The psychological tests produced results within the normal range.
After staying 15 days in hospital, she came back home without treatment and was able to return to school.
Until the end of the summer vacation C did not present any disturbances. In September, C went back to school for the beginning of the school year without any trouble. But in the beginning of November, after a school holiday, she started to cry a lot, with irritability, decreased concentration, loss of appetite, negative self perceptions, suicidal ideation, telling her parents she wanted to die, and never go back to school. She refused to consult her psychiatrist during this period and the general practitionner of the family advised to wait.
At the beginning of December, she presented insomnia, expressed intensive negative self-perception, refused to go to school and isolated herself at home. Her parents reported that at the end of December for a few days she seemed to be "in a numbed state, talking nonsense". On New Year's Eve, she suddenly started dancing on her own in the middle of the family meal, talking about another dancer dressed in black. Her parents, alarmed by this behavior and by the visual hallucinations, decided to bring her back to our emergency room.
The second hospitalization
At the emergency room she arrived with a very sad look on her face, she only spoke when called upon to do so. She presented a delirious discourse on her filiations, and approximate answers; there were moments of disturbed consciousness and visual hallucinations. She though she was in "something like a cemetery". She cried a lot, and between periods of confusion she said she wanted to die. No other symptom of a psychotic disorder has been reported. No stress, drug consumption or any other precipitating factor have been found linked with this episode.
The next day, on the ward, the psychiatrist made the decision to treat her with fluoxetine at 20 mg/day, on account of the chronology that had been noted: appearance of a depressive state, in November, which was not treated, and deterioration of the depressive state, followed by appearance of Ganser symptoms (clouding of consciousness, approximate answers, and visual hallucinations).
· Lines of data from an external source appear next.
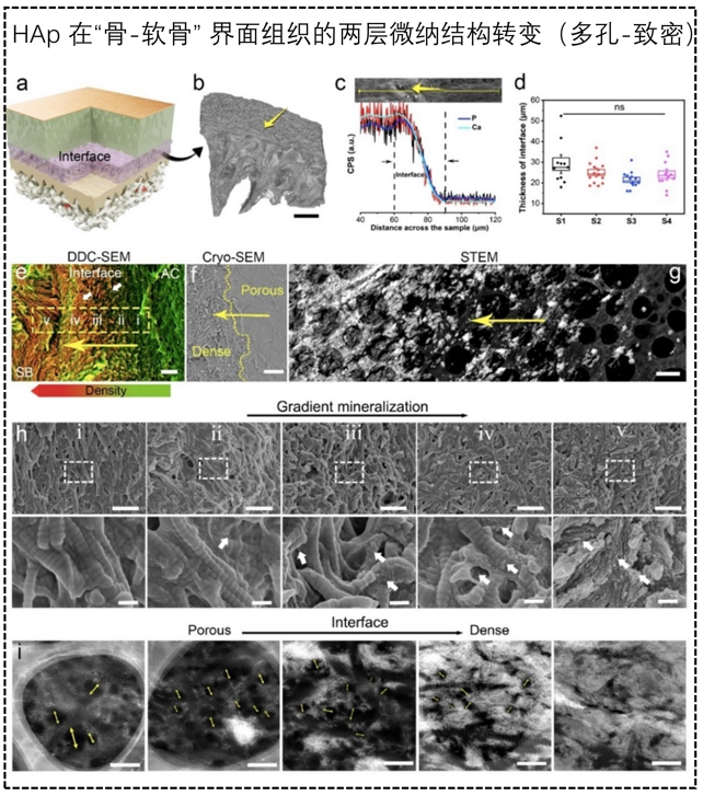 首先,本研究获取了20-50岁人的正常膝关节软骨样本,利用组织学及同步辐射断层扫描技术检测了骨-软骨界面处的宏观互锁结构,初步鉴定了“骨-软骨”界面组织的存在,利用SEM-EDX线扫描确定了界面20-30 μm的超薄梯度钙化区域,并进一步利用高分辨SEM、AFM、Cryo-SEM及STEM解析了界面的超微结构转变,及HAp的复杂组装,发现了界面从多孔结构逐渐转变为致密结构,同时,HAp在整个界面的形态从球形转变为多边形,最后变为类似骨的片层结构(图2)。形态的转变,意味着HAp组装的成熟。空间梯度分布的HAp有利于降低应力集中,促进力学传导。
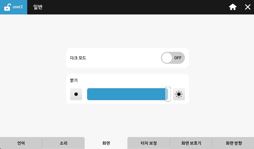 화면 탭은 사용자가 HMI 화면의 밝기를 변경하고 기본 보기 모드를 다크 모드로 변경할 수 있도록 해줍니다.
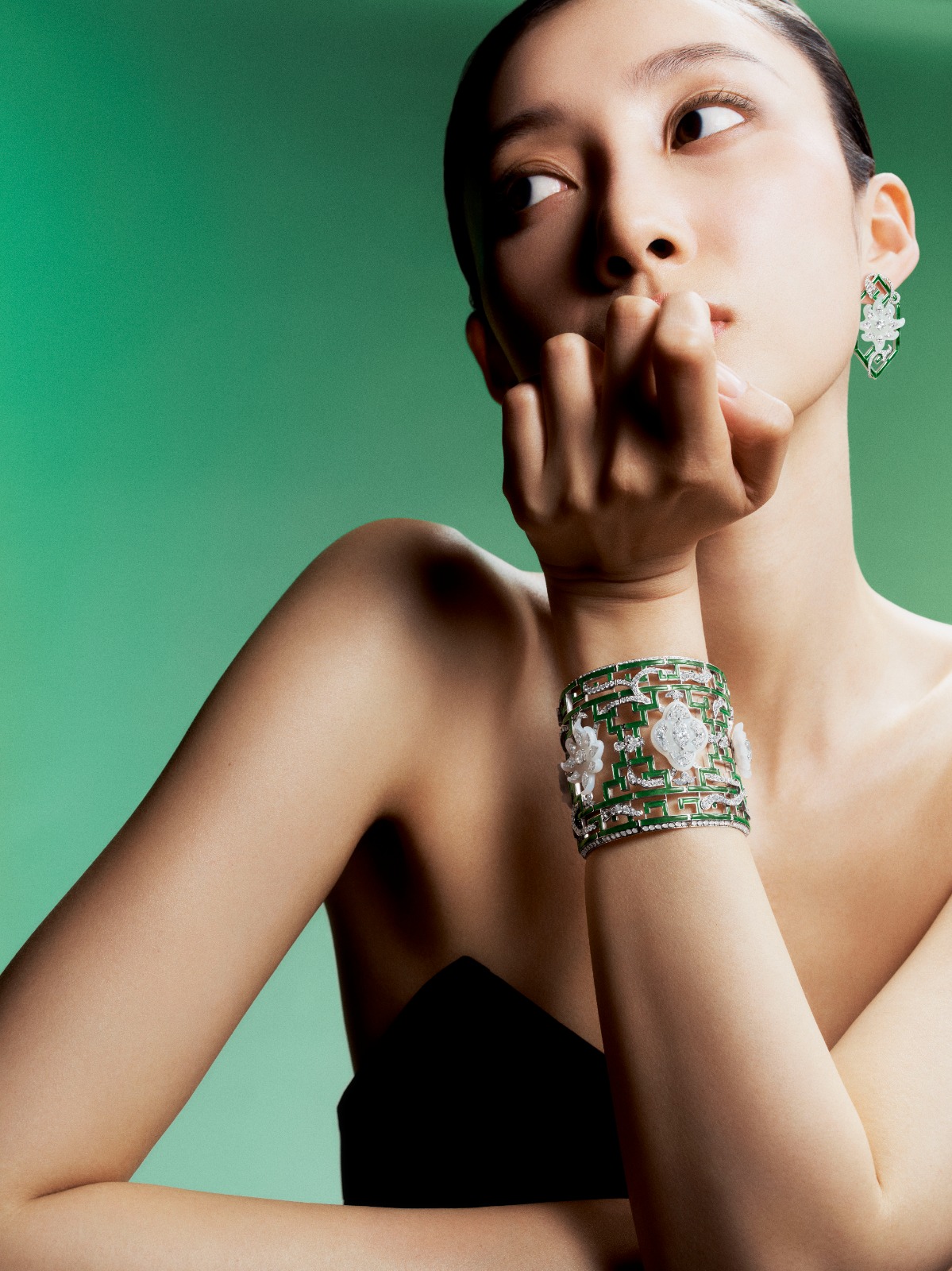 Complementing this exquisite piece is a jade and diamond cuff bracelet, where masterful marquetry captures the essence of dark wood lattices and the delicate allure of silk panels. Together, they epitomise a harmonious fusion of tradition and luxury, making a striking statement in the realm of contemporary high jewellery.

She also received 25 mg/day cyamepromazine at bedtime for the first three days. The Ganser symptoms improved from the start of the third week of fluoxetine administration; there was no further clouding of consciousness, no visual hallucinations, and depressive symptoms (insomnia, irritability, suicidal ideation and depressed mood) disappeared at the same time. She was hospitalized one month total and then returned to school.
Fluoxetine treatment was prescribed at 20 mg/day, but after two months C started to refuse to take any medication and stopped taking it. The school year ended uneventfully; there were no further disturbance. C continued with a combination of psychiatric follow-up and interpersonal psychotherapy for another year. No further episode occurred. Then C decided to end up to the follow-up.
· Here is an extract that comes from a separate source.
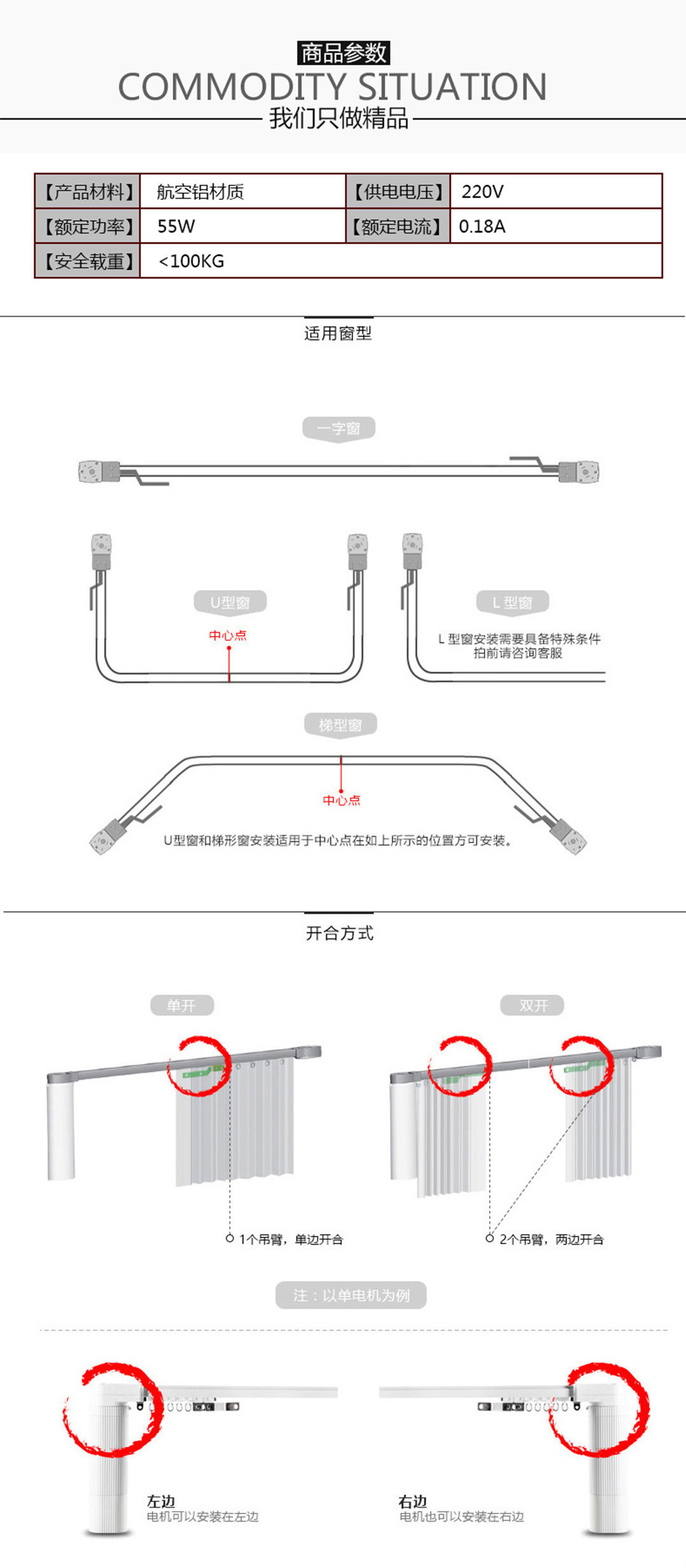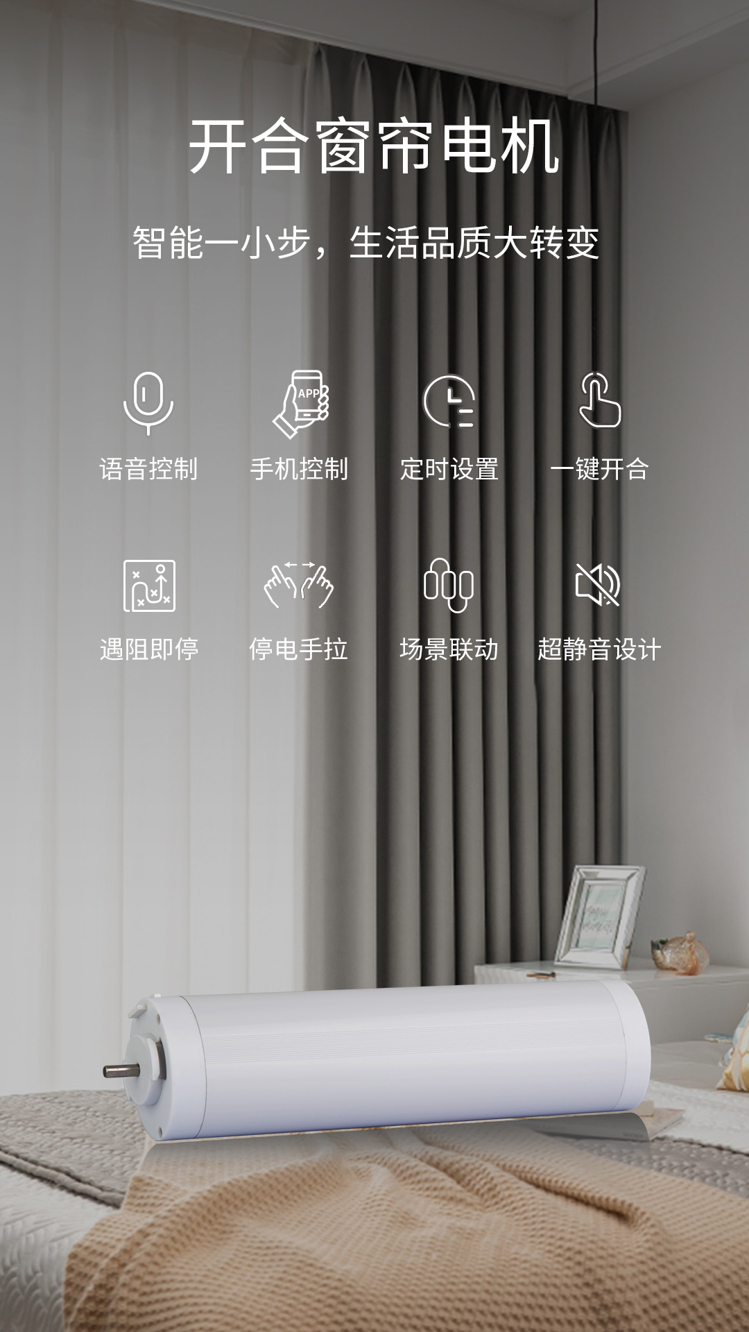 內(nèi)置型電機(jī),無(wú)需搭配窗簾開關(guān)即可使用;

To our knowledge, this is the first case reported of recurrent Ganser syndrome in an adolescent. It is also the first report of a Ganser syndrome preceded by major depression symptoms in adolescence. In fact this case showed three of the four major features of the Ganser syndrome, i. e., the approximate answers, the clouding of consciousness and hallucinations. Following the rapid resolution of Ganser syndrome in two weeks, it reappeared seven months later, preceded by depressive symptoms, including depressed mood, decreased concentration, feelings of decreased self-worth, suicidal ideation, loss of appetite, and insomnia.
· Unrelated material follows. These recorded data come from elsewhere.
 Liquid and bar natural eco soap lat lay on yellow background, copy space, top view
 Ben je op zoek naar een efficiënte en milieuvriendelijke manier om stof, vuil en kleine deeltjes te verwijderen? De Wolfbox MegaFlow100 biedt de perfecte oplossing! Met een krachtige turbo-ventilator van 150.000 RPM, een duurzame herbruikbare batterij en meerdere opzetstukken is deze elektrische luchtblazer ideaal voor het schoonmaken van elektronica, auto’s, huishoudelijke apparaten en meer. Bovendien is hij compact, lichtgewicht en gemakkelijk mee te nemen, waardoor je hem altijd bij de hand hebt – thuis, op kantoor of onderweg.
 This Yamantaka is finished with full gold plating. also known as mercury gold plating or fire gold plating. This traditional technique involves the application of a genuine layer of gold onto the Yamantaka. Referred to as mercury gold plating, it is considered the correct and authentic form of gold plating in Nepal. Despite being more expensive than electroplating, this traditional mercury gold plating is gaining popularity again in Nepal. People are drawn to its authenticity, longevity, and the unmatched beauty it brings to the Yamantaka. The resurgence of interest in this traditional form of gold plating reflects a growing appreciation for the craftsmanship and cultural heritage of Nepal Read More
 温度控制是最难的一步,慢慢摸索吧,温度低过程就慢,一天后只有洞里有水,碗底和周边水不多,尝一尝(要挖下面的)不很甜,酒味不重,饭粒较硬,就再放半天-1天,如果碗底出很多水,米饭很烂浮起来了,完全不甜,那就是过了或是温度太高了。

Some authors have reported affective disorders in the follow-up of patients with Ganser syndrome, but no one has presented recurrent Ganser symptoms and, in all instances, depressive or manic symptoms occurred after the resolution of the Ganser syndrome, except for one case described by Grieger and Clayton . In adolescents, Apter et al  have described two brothers (15 and 16) with conduct disorder who developed the Ganser syndrome while in jail and awaiting trial; both subsequently developed symptoms of bipolar disorder. The elder brother presented psychotic depression six months later, followed after several weeks by hypomania. The younger brother also presented a period of depressive symptoms followed by a manic-like psychosis. In adults, Grieger and Clayton  described the case of a 25-year-old woman had been reported with a history of recurrent depression who presented major depression a few weeks after resolution of a Ganser syndrome. Haddad  reported a similar case of a 31-year-old man with a mild mental handicap who presented a Ganser syndrome resolved after one week but immediately followed by major depression. There are different psychodynamic hypothesis to explain the association between affective disorders and the Ganser syndrome. Apter et al.  have postulated that for a large number of patients, the development of severe regression and dissociation of the Ganser syndrome is facilitated by the presence of serious comorbidity, such as affective disorders. Haddad  states that the Ganser syndrome and depression are also considered as separate manifestations of a common underlying conflict. When it is no longer possible to avoid the unpleasant situation and the burden of responsibility by the dissociative defense, guilt and symptoms of depression appear.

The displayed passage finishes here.